* **GOAL OF THE EXERCISE**
Reproduce only the lines below from the line containing "gelaufen 1909, Eckknicke" to the line containing "Mphonline Kertas Soalan", exactly as written, with both end lines kept. Omit the pictures.

* **TASK DATA**
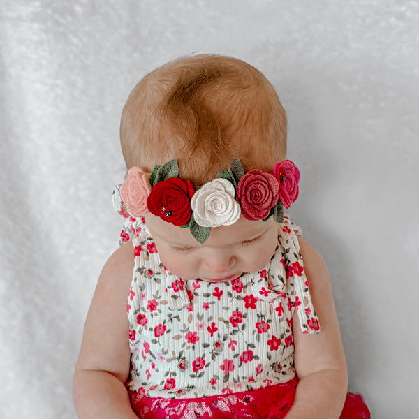 5 Rosettes in various reds & pinks. Colors may vary. About 5 inches across.
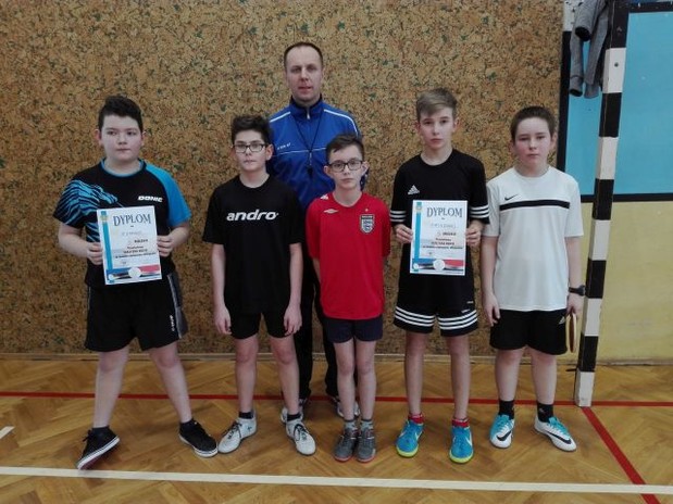 w Turzym Polu 3:2. W ostatniej rundzie w meczu o drugie miejsce znów na naszej drodze stanęła drużyna z Haczowa. Gra naszych chłopaków wyglądała znacznie lepiej w porównaniu z tym, co prezentowali w pierwszym spotkaniu. Wygrali pojedyncze sety, jednak umiejętności kolegów z Haczowa oraz sprzęt jakim dysponowali nasi rywale w końcu wzięły górę. Mimo, że ostateczny wynik 3:0 wypadł na naszą niekorzyść, to mecz był bardziej wyrównany, a Kuba i Paweł momentami dawali pokaz pięknego tenisa stołowego. Ostatecznie drużyna chłopców zajęła III miejsce w turnieju. Gratulujemy i życzymy dalszych sukcesów.
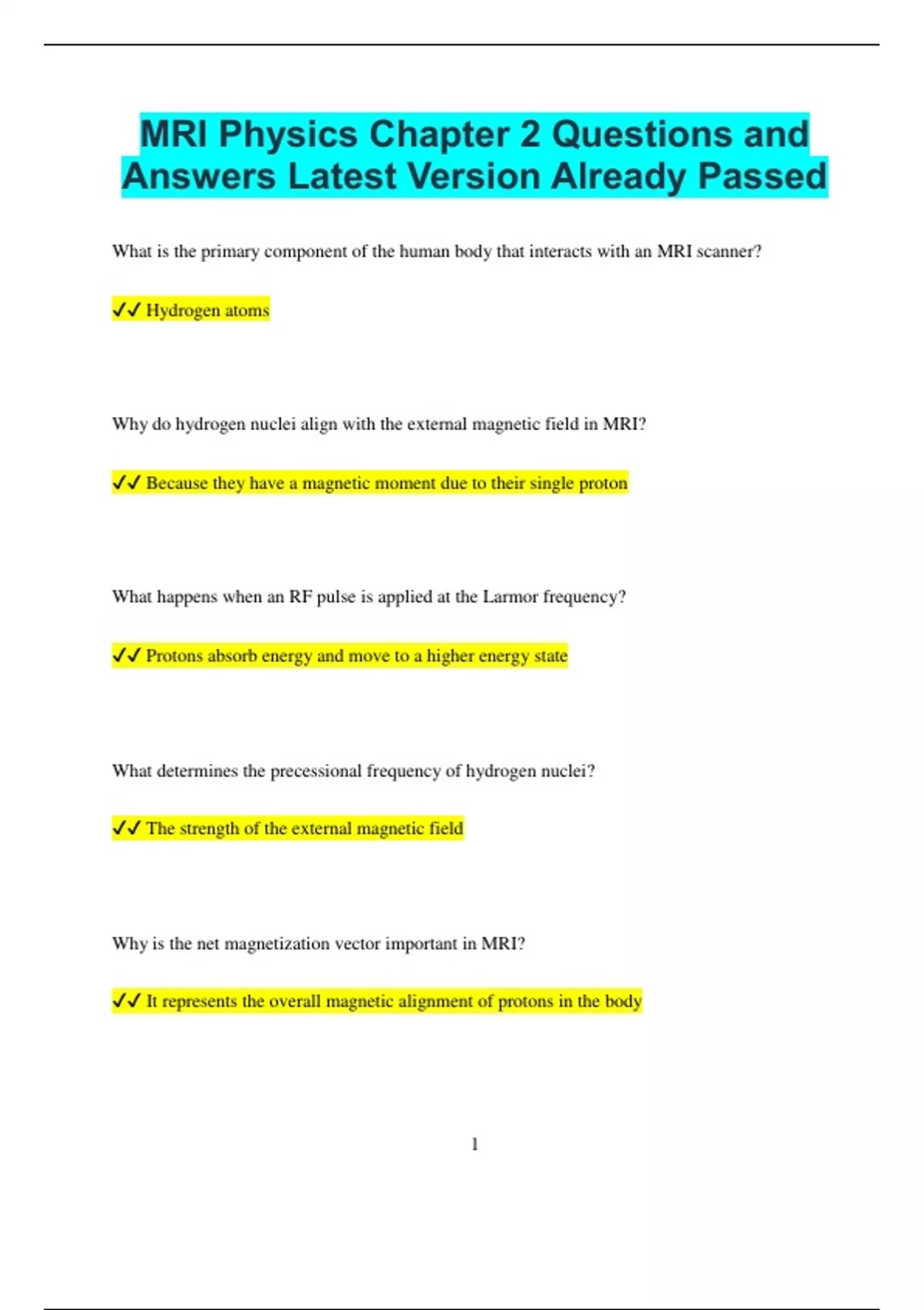 MRI Physics Chapter 2 Questions and Answers Latest Version Already Passed What is the primary component of the human body that interacts with an MRI scanner? Hydrogen atoms Why do hydrogen nuclei align with the external magnetic field in MRI? Because they have a magnetic moment due to their single proton What happens when an RF pulse is applied at the Larmor frequency? Protons absorb energy and move to a higher energy state What determines the precessional frequency of hydrogen nuclei? The strength of the external magnetic field Why is the net magnetization vector important in MRI? It represents the overall magnetic alignment of protons in the body 2 What happens to protons when the RF pulse is turned off? They relax back to their original alignment with the magnetic field Why does T1 relaxation occur? Energy is transferred from protons to the surrounding lattice What is another term for T2 relaxation? Transverse relaxation Why does T2 relaxation lead to signal loss? Protons lose phase coherence and dephase over time How does the external magnetic field affect proton behavior? It causes them to align and precess at a specific frequency What is the unit of measurement for the magnetic field strength in MRI? Tesla (T) 3 Why is the Larmor equation important in MRI? It defines the precessional frequency of hydrogen nuclei How does an increase in magnetic field strength affect the Larmor frequency? It increases the precessional frequency What is the role of the RF coil in MRI? It transmits and receives radiofrequency signals Why do different tissues have different relaxation times? Due to variations in molecular composition and interaction with water What is the relationship between T1 and TR in MRI imaging? TR must be long enough to allow sufficient T1 recovery Why does T2 decay occur more rapidly than T1 recovery? T2 relaxation involves loss of phase coherence, which happens faster than energy transfer 4 How does T1 relaxation time differ between fat and water? Fat has a shorter T1 relaxation time than water Why does MRI rely on hydrogen rather than other elements in the body? Hydrogen is abundant and has a strong magnetic moment What is the significance of equilibrium magnetization in MRI?
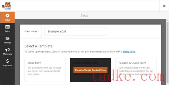 将出现WPForms生成器。首先,为表单键入一个名称。然后,将鼠标光标悬停在模板上,并单击按钮选择该模板。我们将使用Simple Contact Form模板。
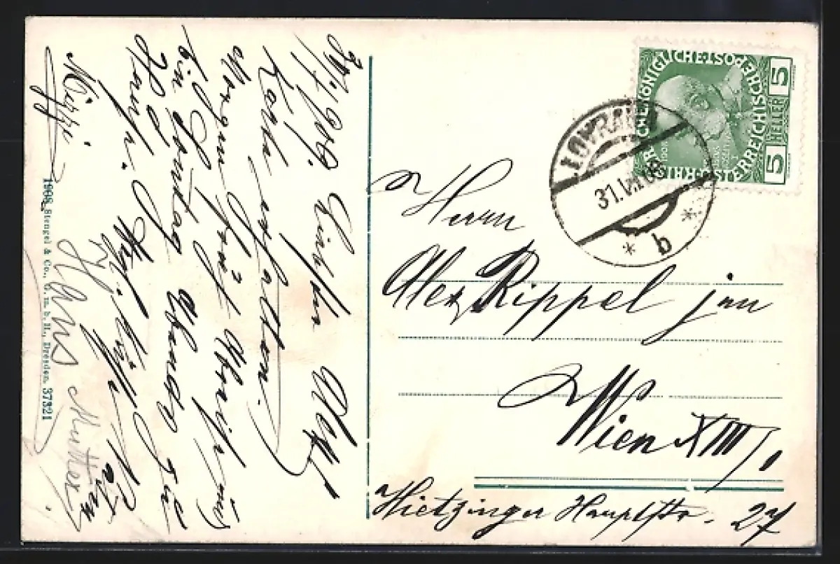 gelaufen 1909, Eckknicke re. unten, Stempelspur, guter Zustand
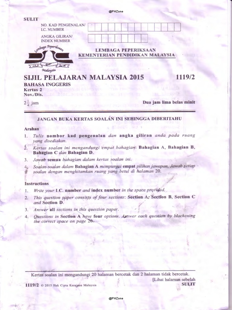 Mphonline Kertas Soalan Peperiksaan Sebenar Spm Bahasa Inggeris 2011 2017
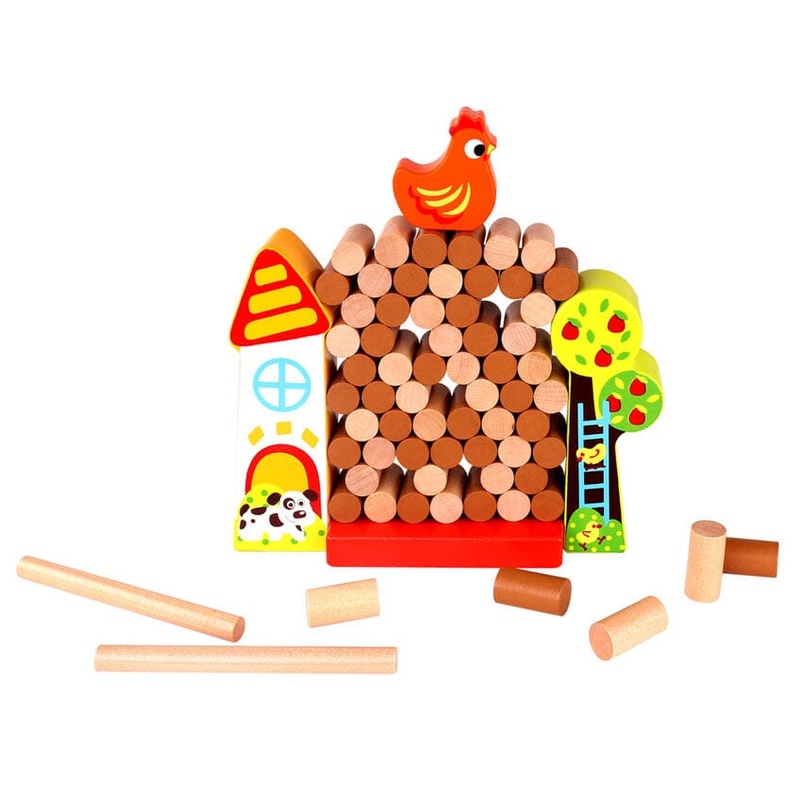 The wooden farm-themed Jenga game is a fun and interactive game for both children and adults. This game is easy to learn, but hard to master. Taking turns, one at a time, players must try and remove their coloured rods (light or dark rods) from the frame without letting the chicken fall off. Long rods are given to each player to help them push the rods off the pile, but be careful, it might fall!
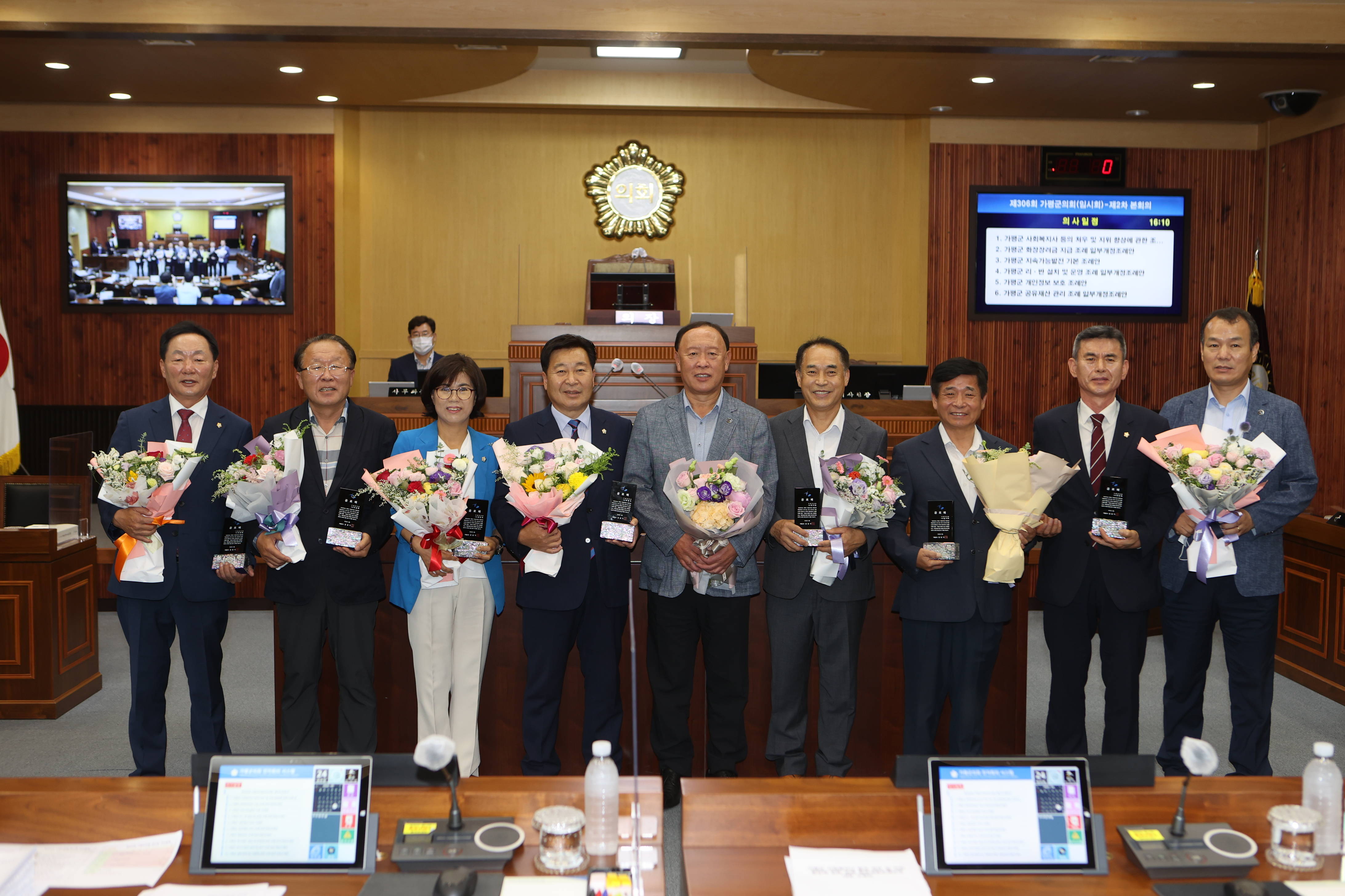 한편, 오늘 본회의 안건 상정에 앞서 8대 가평군의회가 공식적인 회기 일정이 이날 종료됨에 따라 제8대 가평군의회 모든 의원의 명의로김성기 가평군수에게 감사패를 전달하였고, 김성기 가평군수는 제8대 가평군의회 모든 의원들에게 공로패를 주었다.

* **FINAL ANSWER**
 gelaufen 1909, Eckknicke re. unten, Stempelspur, guter Zustand
 Mphonline Kertas Soalan Peperiksaan Sebenar Spm Bahasa Inggeris 2011 2017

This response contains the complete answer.